## Procedure to define a NN:
1. Define the neural network that has some learnable parameters (or weights)
2.Iterate over a dataset of inputs
3.Process input through the network
4.Compute the loss (how far is the output from being correct)
5.Propagate gradients back into the network’s parameters
6.Update the weights of the network, typically using a simple update rule: weight = weight - learning_rate * gradient

In [1]:
import torch
import torch.nn as nn
import torch.nn.functional as F

In [2]:
torch.cuda.set_device(1);

In [3]:
class Net(nn.Module):
    def __init__(self):
        super(Net, self).__init__()
        #1 input image channel, 6 output channels, 3*3 squaree convolution kernel
        self.conv1 = nn.Conv2d(1,6,3) #(in_channels, out_channels, kernel_size,stride=1, padding=0, dilation=1, groups=1, bias=True, padding_mode='zeros')
        self.conv2 = nn.Conv2d(6,16,3)
        # an affine operation: y=Wx + b
        self.fc1 = nn.Linear(16*6*6,120) #(in_features, out_features, bias=True)
        self.fc2 = nn.Linear(120,84)
        self.fc3 = nn.Linear(84,10)
        
    def forward(self,x):
        # Max pooling over a (2,2) window
        x = F.max_pool2d(F.relu(self.conv1(x)),(2,2))
        # If the size is a square you can only specify a single number
        x = F.max_pool2d(F.relu(self.conv2(x)),2)
        x = x.view(-1,self.num_flat_features(x))
        x = F.relu(self.fc1(x))
        x = F.relu(self.fc2(x))
        x = self.fc3(x)
        return x

    def num_flat_features(self,x):
        size=x.size()[1:] #all dimensions except the batch dimension
        num_features = 1
        for s in size:
            num_features*=s
        return num_features
net = Net()
print(net)
            
        
        
        

Net(
  (conv1): Conv2d(1, 6, kernel_size=(3, 3), stride=(1, 1))
  (conv2): Conv2d(6, 16, kernel_size=(3, 3), stride=(1, 1))
  (fc1): Linear(in_features=576, out_features=120, bias=True)
  (fc2): Linear(in_features=120, out_features=84, bias=True)
  (fc3): Linear(in_features=84, out_features=10, bias=True)
)


In [4]:
params = list(net.parameters())
print(len(params))
print(params[0].size())

10
torch.Size([6, 1, 3, 3])


In [5]:
input = torch.randn(1, 1,32, 32)
out = net(input)
print(out)

tensor([[ 0.0724, -0.0998, -0.0812,  0.0398,  0.0784, -0.0919, -0.0239,  0.1851,
         -0.0024, -0.0564]], grad_fn=<AddmmBackward>)


In [6]:
net.zero_grad()

In [7]:
out.backward(torch.randn(1,10)) #backpropagation

### NOTE
torch.nn only supports mini-batches.
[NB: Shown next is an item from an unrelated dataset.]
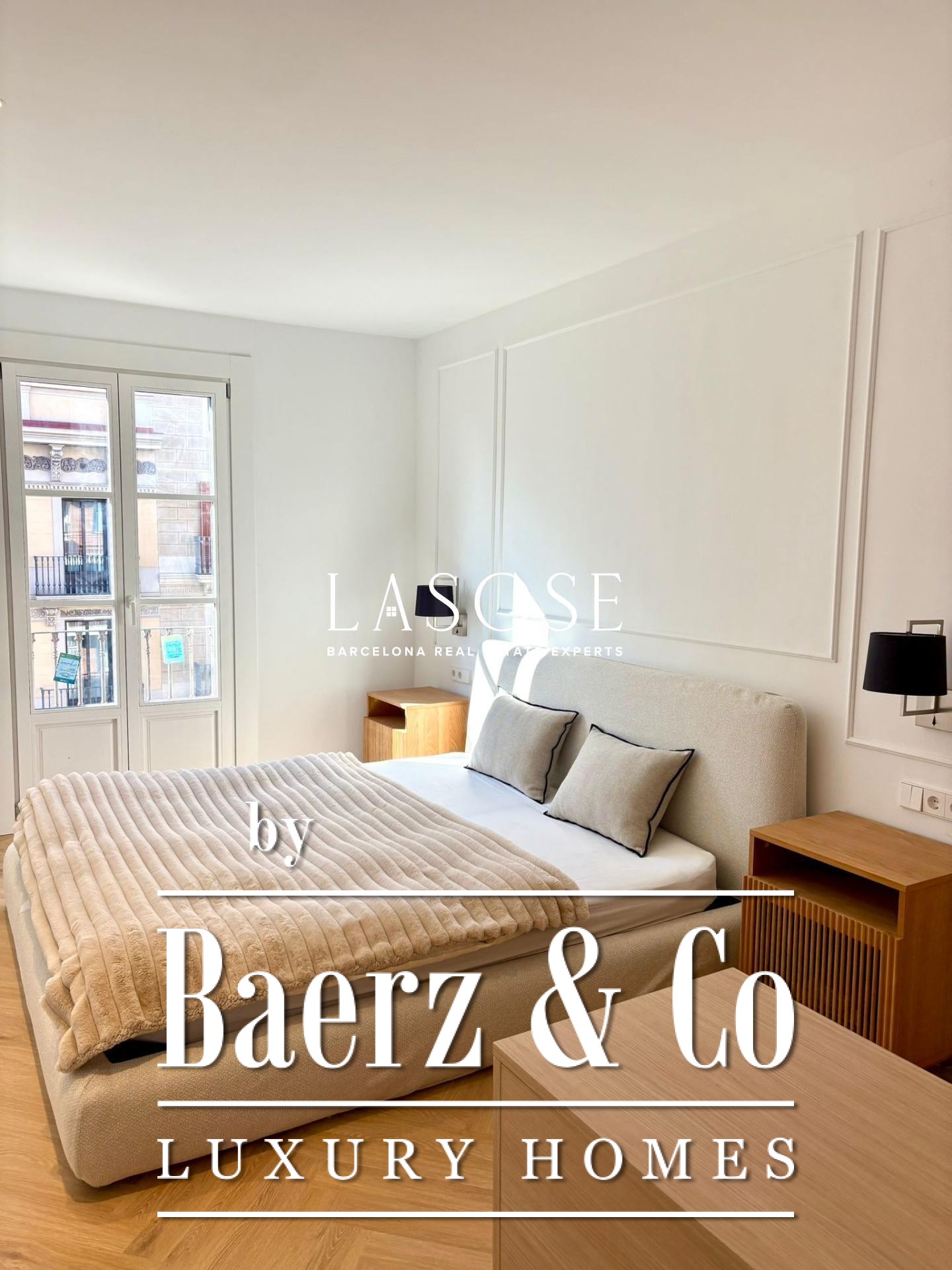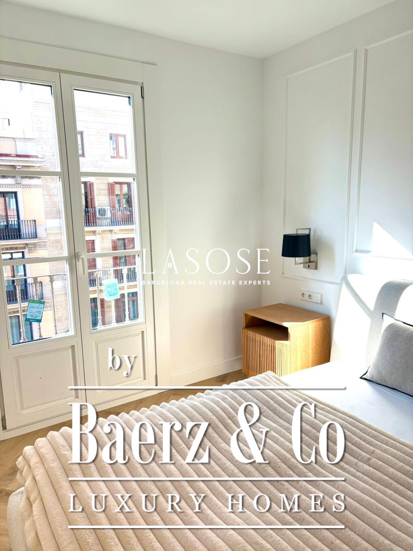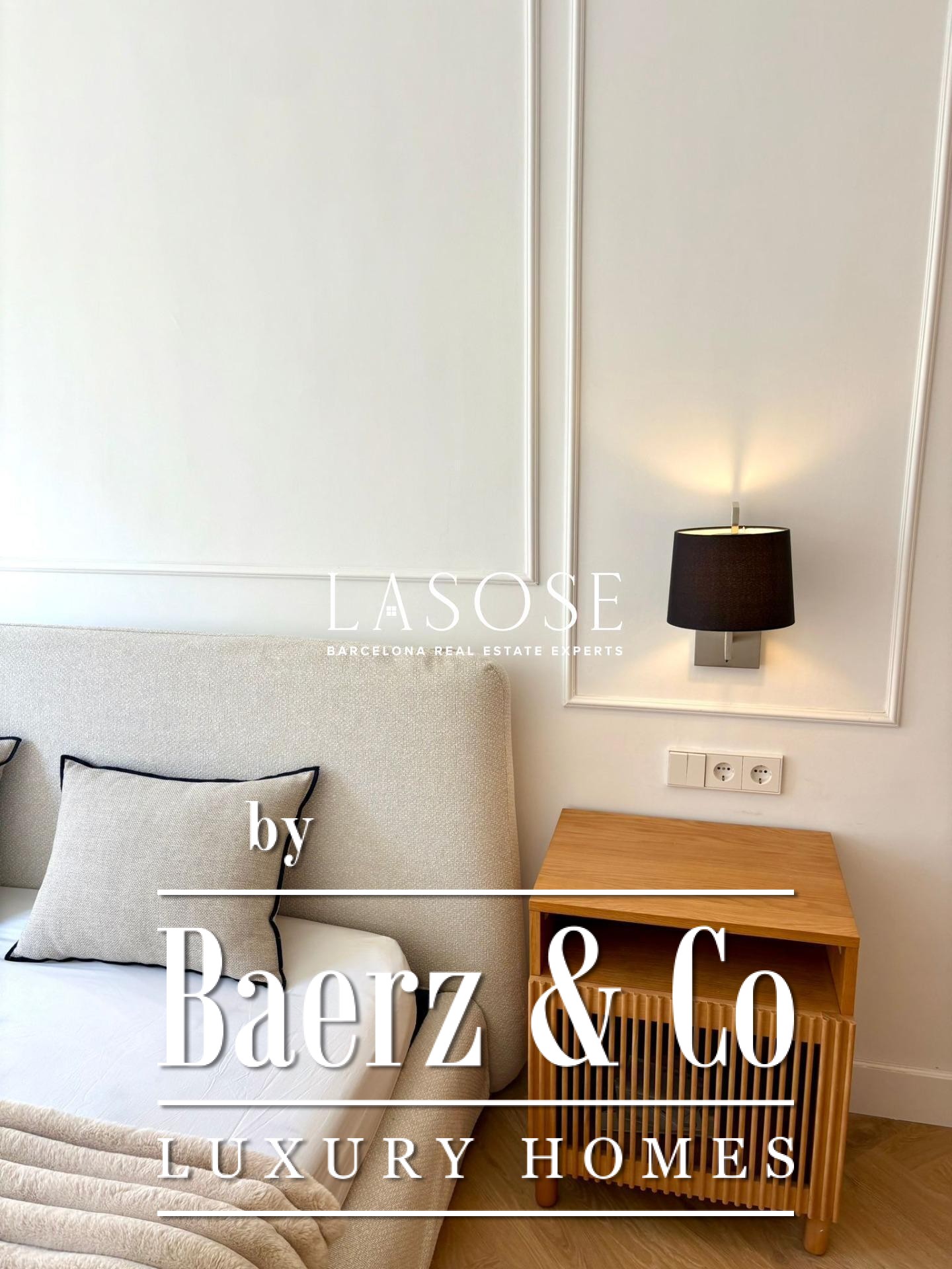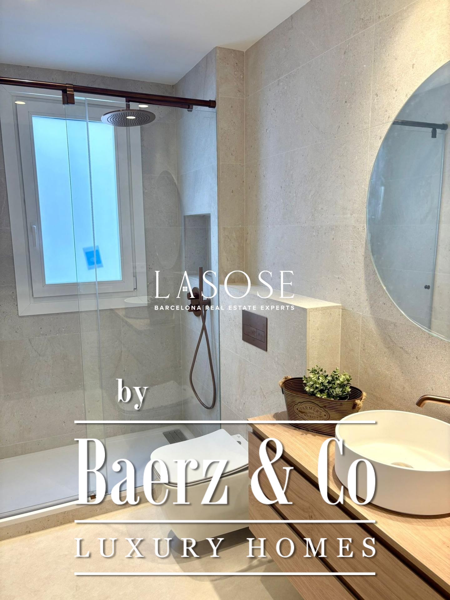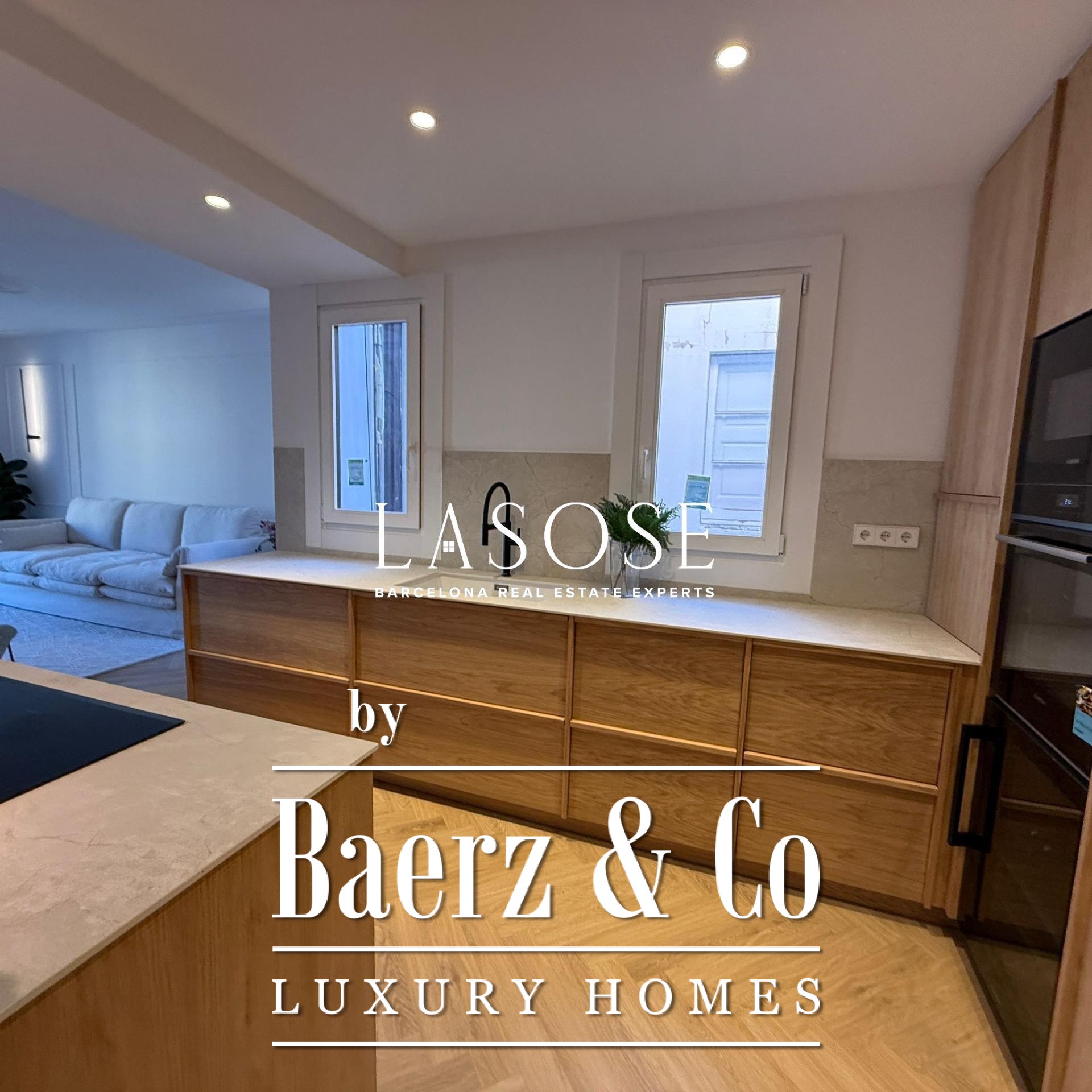 Originele hoge plafonds, sierlijke plafonddetails en traditionele dubbele houten deuren weerspiegelen het architecturale erfgoed van Barcelona, terwijl de royale multifunctionele woon-, eet- en keukenruimte baadt in natuurlijk licht en directe toegang biedt tot een privéterras van 18 m². Het terras is ingericht als lounge en eetruimte en verbindt zo het binnenleven naadloos met het befaamde buitenleven van de stad.

The entire torch.nn package only supports inputs that are a mini-batch of samples, and not a single sample.

For example, nn.Conv2d will take in a 4D Tensor of nSamples x nChannels x Height x Width.

If you have a single sample, just use input.unsqueeze(0) to add a fake batch dimension.

### RECAP:
* torch.Tensor - A multi-dimensional array with support for autograd operations like backward(). Also holds the gradient w.r.t. the tensor.
* nn.Module - Neural network module. Convenient way of encapsulating parameters, with helpers for moving them to GPU, exporting, loading, etc.
* nn.Parameter - A kind of Tensor, that is automatically registered as a parameter when assigned as an attribute to a Module.
* autograd.Function - Implements forward and backward definitions of an autograd operation. Every Tensor operation creates at least a single Function node that connects to functions that created a Tensor and encodes its history.

## Loss Function

In [11]:
output = net(input)
target = torch.randn(10) #example
target=target.view(1,-1) #reshape but when we don't know how many cols or rows ==>-1
criterion = nn.MSELoss()

loss = criterion(output,target)

In [12]:
print(loss)

tensor(0.6488, grad_fn=<MseLossBackward>)


In [14]:
print(loss.grad_fn)
print(loss.grad_fn.next_functions[0][0]) #Linear
print(loss.grad_fn.next_functions[0][0].next_functions[0][0]) #ReLu

<MseLossBackward object at 0x7fe0eca08780>
<AddmmBackward object at 0x7fe0f46d5320>
<AccumulateGrad object at 0x7fe0ecec19e8>


## Backprop

To backpropagate the error all we have to do is to loss.backward(). You need to clear the existing gradients though, else gradients will be accumulated to existing gradients.

Now we shall call loss.backward(), and have a look at conv1’s bias gradients before and after the backward.

In [17]:
net.zero_grad() #zeroes the gradient buffers of all parameters

In [18]:
print('conv1.bias.grad before backward')
print(net.conv1.bias.grad)

conv1.bias.grad before backward
tensor([0., 0., 0., 0., 0., 0.])


In [19]:
loss.backward()

In [20]:
print('conv1.bias.grad after backward')
print(net.conv1.bias.grad)

conv1.bias.grad after backward
tensor([ 0.0149, -0.0075,  0.0110, -0.0001,  0.0024,  0.0020])


## Update the weights

In [22]:
learning_rate = 0.01
for f in net.parameters():
    f.data.sub_(f.grad.data*learning_rate)

However, as you use neural networks, you want to use various different update rules such as SGD, Nesterov-SGD, Adam, RMSProp, etc. To enable this, we built a small package: torch.optim that implements all these methods. Using it is very simple:

In [23]:
import torch.optim as optim

# create your optimizer
optimizer = optim.SGD(net.parameters(), lr=0.01)

# in your training loop:
optimizer.zero_grad()   # zero the gradient buffers
output = net(input)
loss = criterion(output, target)
loss.backward()
optimizer.step()    # Does the update